Devo ter no meu repositório local, vou procurar e posto aqui. 

Não tive nenhuma necessidade de atualizar firmware de ONU nenhuma até agora, e veja que trabalho VoIP na FiberHome.

----------


## jcmaster85

Tenho por volta de umas 200 funcionando sem problemas.

----------


## Zeroberto

Senhores,
Como alternativa, a Digistar oferece sua ONU Bridge, GRG-21000 (segue link abaixo), com preço competitivo, certificado 100% Anatle, desenvolvimento e produção nacional, com venda direta à ISPs em lote mínimo de 30 peças. Compatibilidade com Fiberhome desde que a OLT esteja habilitada para aceitar ONUs de terceiros. Para consulta de preço e maiores detalhes, por favor, encaminhar email para [email protected] com seu cnpj e dados de contato.
http://www.digistar.com.br/produtos/...grg-21000.html
Sds,

----------


## jcmaster85

> Eu tenho um pouco mais de 1 mil ONU 5506-01A e 5506-01A1 na rede e não tenho nenhum problema, em bridge são fantásticas.


Bom dia @*avatar52* , você possui os firmwares das versões A8G e A9G para atualização? estou tendo um problema estranho aqui, mesmo com elas em bridge ficam desconectando o PPPoE, é algo imperceptível para o cliente porem é muito chato, cai cerca de 2 segundo e volta, se quer troca o Ip do PPPoE, mas fica dando log toda hora no sistema, já passou por isso ou algo parecido? notei que isso acontece bastante com roteadores D-Links que começam com MAC A0, penso que pode ser alguma coisa na tabela de MACs que a ONU não esta repassando direito, pode ser que tenha alguma coisa haver ou talvez não, como você tem bastante unidades em produção poderia me dar um caminho. Grato pela atenção.

----------


## alisonmallmann

Utilizo, trabalha muito bem, não me da problema algum, sendo que algumas AN5516-01A normal me da umas dores de cabeça de vez em quando.

----------


## avatar52

Para o firmware A8G acho que não tenho e estou na procura.
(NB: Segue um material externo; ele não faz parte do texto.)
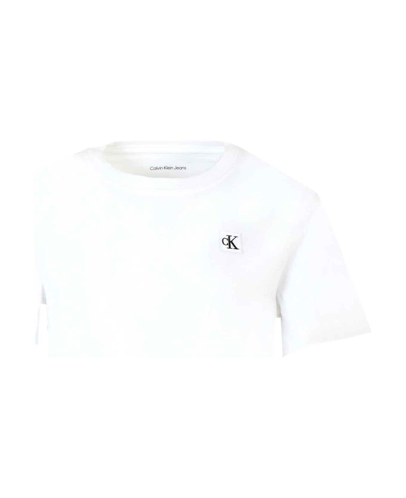 White cotton t-shirt with short sleeves and a ribbed crew neck. It is embellished with an embroidered logo patch on the chest.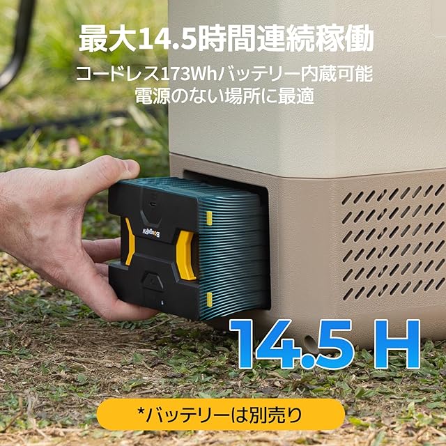 【安心の2年&充実の付属品】 BougeRVの車載冷蔵庫は、ご購入日から24ヶ月間の製品付き。万が一の問題や初期不良が発生しても、迅速に対応いたします。期間内であれば、安心してご使用いただけます。また、付属品も充実しており、車載冷蔵庫以外に、173Whバッテリー、100~240V ACアダプター、12/24V DC電源コード、日本語説明書が同梱されています。購入後すぐに使えるため、初めての方にも安心です。

Tenho um compartilhamento de arquivos da WDC que tem bastante arquivos de atualização, tente procurar.

----------


## diogo25

> Bom dia @*avatar52* , você possui os firmwares das versões A8G e A9G para atualização? estou tendo um problema estranho aqui, mesmo com elas em bridge ficam desconectando o PPPoE, é algo imperceptível para o cliente porem é muito chato, cai cerca de 2 segundo e volta, se quer troca o Ip do PPPoE, mas fica dando log toda hora no sistema, já passou por isso ou algo parecido? notei que isso acontece bastante com roteadores D-Links que começam com MAC A0, penso que pode ser alguma coisa na tabela de MACs que a ONU não esta repassando direito, pode ser que tenha alguma coisa haver ou talvez não, como você tem bastante unidades em produção poderia me dar um caminho. Grato pela atenção.


Esta acontecendo a mesma coisa cmg, ela para e volta a funcionar, no começo achei que era o Dbm estava muito baixo, mais não era. Se alguém souber de alguma coisa para poder ajudar.

----------